Pace And Time Under Tension

Short reps with quick lockouts turn 100 dips into a 4–6 minute blast. Slow negatives and pauses extend time to 8–10 minutes. Same MET bucket, longer clock, higher burn.

Rests Between Sets

Rest still burns a little. Standing easy sits near 1.5 METs. If you spread 100 dips across twenty minutes with long breaks, those minutes add modest calories to your total.

Assisted, Strict, Or Weighted

Bands or a machine lower the load and often slide you toward moderate effort; weighted dips demand more control yet keep you in the vigorous slot. The count can look the same while the energy cost shifts with the load and pace.

Your Own Estimate In 60 Seconds

Step 1: Pick The MET

Use 3.8 for an easy, assisted set that feels steady. Use 7.5 for challenging bodyweight or weighted reps with strong effort. These values are standard across research and tracking tools (Compendium, 2024).

Step 2: Time The Moving Minutes

Count only the minutes you’re actually dipping for the “fast set” estimate. If you want a whole-session number, include light standing rest at 1.5 METs.

Step 3: Run The Formula

Calories = MET × 0.0175 × body weight (kg) × minutes. That factor is the CDC’s standard for activity energy cost (CDC).

Example A: 70 kg, Fast 5-Minute Set

7.5 × 0.0175 × 70 × 5 ≈ 46 kcal.

Example B: 70 kg, Sets + Rest (5 min dips, 15 min standing)

Active: 7.5 × 0.0175 × 70 × 5 ≈ 46 kcal. Rest: 1.5 × 0.0175 × 70 × 15 ≈ 28 kcal. Total ≈ 74 kcal.

Example C: 70 kg, Slow Tempo 8-Minute Grind

7.5 × 0.0175 × 70 × 8 ≈ 74 kcal.

Worked Numbers You Can Borrow

55 kg Lifter

Fast 5-minute set: ~36 kcal. Sets + rest (~20 min): ~58 kcal. Assisted 5-minute effort at 3.8 METs: ~18 kcal.

70 kg Lifter

Fast 5-minute set: ~46 kcal. Sets + rest (~20 min): ~74 kcal. Assisted 5-minute effort at 3.8 METs: ~23 kcal.

90 kg Lifter

Fast 5-minute set: ~59 kcal. Sets + rest (~20 min): ~95 kcal. Assisted 5-minute effort at 3.8 METs: ~30 kcal.

Why Your Watch Might Disagree

Wrist sensors lean on heart rate and movement. Dips have long static holds and vertical motion that can confuse optical sensors. MET math gives a steady, repeatable yardstick that doesn’t care about wrist angle or strap tightness.

Per-Minute Burn Reference

Use this cheat sheet to scale to your own pace. Multiply by the minutes you spend dipping.

Body Weight Moderate Calisthenics (3.8 METs) kcal/min Vigorous Calisthenics (7.5 METs) kcal/min
55 kg ~3.66 ~7.22
70 kg ~4.66 ~9.19
90 kg ~5.99 ~11.81

Form Tips That Affect Time And Feel

Use Full Range

Descend with control, keep shoulders set, and press to lockout. Clean reps often slow the set, which slightly raises total burn because the clock runs longer.

Pick A Tempo

Try a “3 down, 1 up” cadence. It’s simple to count and keeps tension on the triceps and chest.

Manage Rest

Short rests keep heart rate up, long rests let you finish strong. Either way, note the total minutes so your estimate matches the real session length.

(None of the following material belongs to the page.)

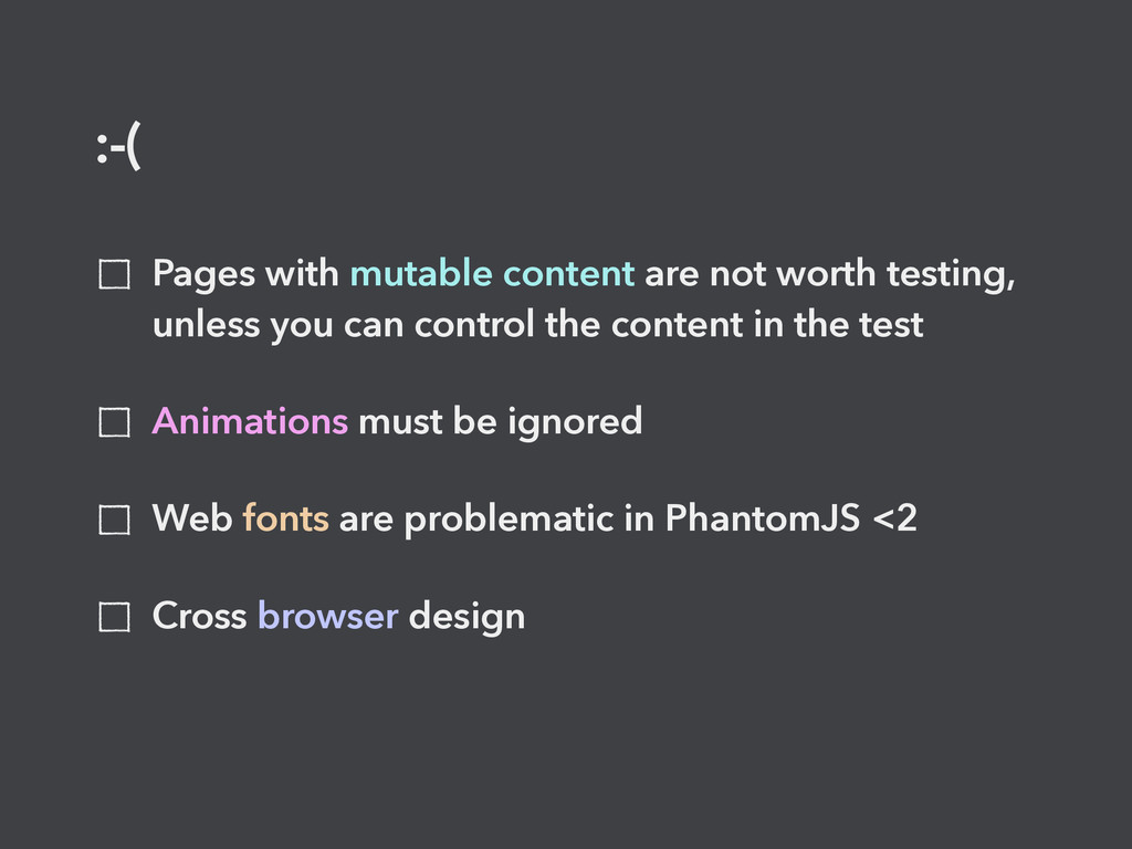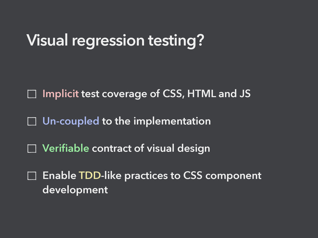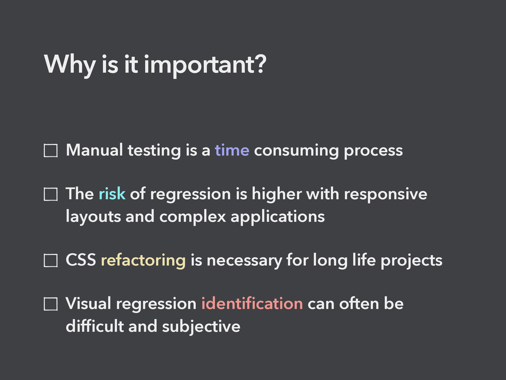 process The risk of regression is higher with responsive layouts and complex applications CSS refactoring is necessary for long life projects Visual regression identification can often be difficult and subjective

Programming Ideas For Hitting 100 Smoothly

The 5×20 Classic

Five sets of twenty with one to three minutes between sets. Good volume, easy math, steady pacing.

Ladder Sets

1-2-3-4-5, then back down, repeated three times. The reps add up fast and the set changes break mental fatigue.

Density Block

Set a ten-minute clock. Cycle mini-sets of 5–8 reps with short breathers. Note total reps and minutes, then repeat next time and beat your score.

Common Estimating Mistakes

Counting Only The Reps, Not The Minutes

Two athletes can both hit 100. One finishes in five minutes, the other in ten. Same reps, different minutes, different totals.

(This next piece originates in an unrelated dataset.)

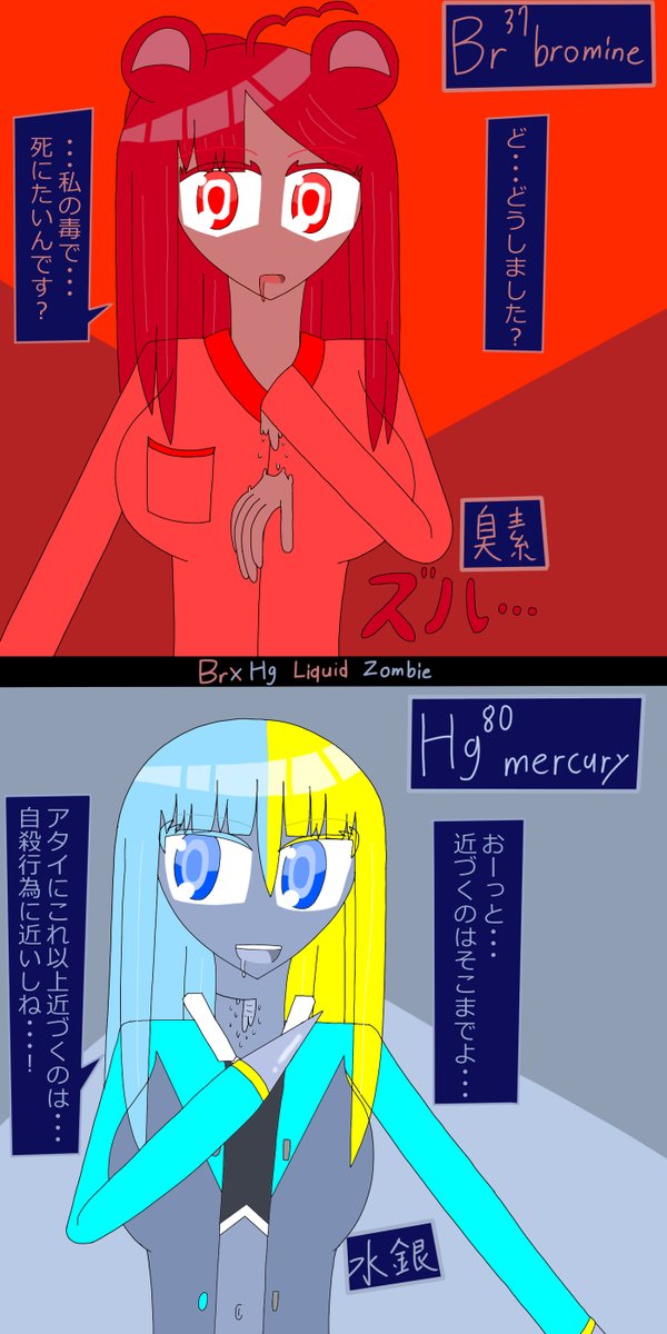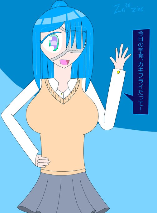 【元素紹介】亜鉛 造船の際、鉄を酸化から守る身代わり役 牡蠣にも含まれる鉄の親友 身体能力は人並みだけど足腰が強靭すぎる女子高生 部活は「技術部」 カキフライに目がない #イラスト #元素擬人化 #ElemensLife(Chaos School)

Picking The Wrong Effort Bucket

Assisted dips feel smooth and can sit closer to moderate. Strict bodyweight or weighted reps fit better in the vigorous slot. Choose the MET that matches the feel of the work.

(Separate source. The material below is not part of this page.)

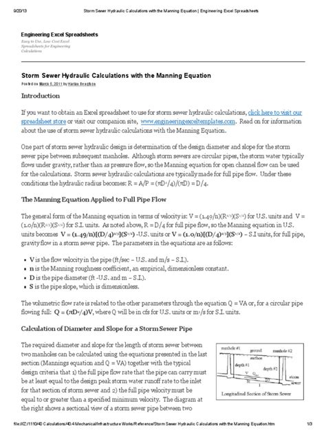 Hey guys! Ever wrestled with calculating flow in open channels or pipes? It can be a real headache, right? Well, today we’re diving into a super handy tool that can make your life a whole lot easier: the Manning Equation Calculator in Excel . We’re talking about a complete guide, showing you how to set up this powerful spreadsheet, understand the Manning equation , and solve real-world problems. Whether you’re a civil engineer, a student, or just a curious individual, this guide will equip you with the knowledge and tools to confidently tackle hydraulic calculations. Get ready to ditch the complicated formulas and embrace the simplicity of Excel! We’ll explore everything from the basics of the Manning equation to practical examples and troubleshooting tips. So, grab your Excel spreadsheets and let’s get started on this exciting journey into the world of hydraulics!

Ignoring Light Activity Between Sets

Standing still isn’t zero. Those minutes add a little, and the math accounts for it cleanly at 1.5 METs.

Plain Points Before You Log It

  • Most people will land near 30–60 kcal for a fast 100-rep set.
  • Include rests and your session total often sits between 50–95 kcal.
  • Heavier athletes burn more per minute at the same pace.
  • Slow tempo or longer breaks stretch time and nudge the number up.
  • Use MET × 0.0175 × kg × minutes for a quick, repeatable estimate.